There are $n$ segments drawn on a plane; the $i$-th segment connects two points ($x_{i, 1}$, $y_{i, 1}$) and ($x_{i, 2}$, $y_{i, 2}$). Each segment is non-degenerate, and is either horizontal or vertical — formally, for every $i \in [1, n]$ either $x_{i, 1} = x_{i, 2}$ or $y_{i, 1} = y_{i, 2}$ (but only one of these conditions holds).
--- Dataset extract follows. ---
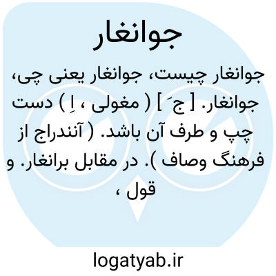 جوانغار. [ ج َ ] ( مغولی، اِ ) دست چپ و طرف آن باشد. ( آنندراج از فرهنگ وصاف ). در مقابل برانغار. و قول، یکی از سه قسمت لشکر است در میدان جنگ بزبان مغولی. میسره. جانب دست چپ. ( یادداشت بخطمرحوم دهخدا ): بتعبیه سپاه پرداخت و ضبط برانغار را به اهتمام امیرزاده... و دیگر امراء ظفرپناه بازگذاشت و در جوانغار سلطان محمودخان و... و امراء عالیشان را بازداشت و قول را از فر طلعت همایون زیب و زینت داده و... ( حبیب السیر چ سنگی تهران ج 2 ص 158 ).

Only segments of different types may intersect: no pair of horizontal segments shares any common points, and no pair of vertical segments shares any common points.

We say that four segments having indices $h_1$, $h_2$, $v_1$ and $v_2$ such that $h_1 < h_2$ and $v_1 < v_2$ form a rectangle if the following conditions hold:

• segments $h_1$ and $h_2$ are horizontal;
• segments $v_1$ and $v_2$ are vertical;
• segment $h_1$ intersects with segment $v_1$;
• segment $h_2$ intersects with segment $v_1$;
• segment $h_1$ intersects with segment $v_2$;
• segment $h_2$ intersects with segment $v_2$.

Please calculate the number of ways to choose four segments so they form a rectangle. Note that the conditions $h_1 < h_2$ and $v_1 < v_2$ should hold.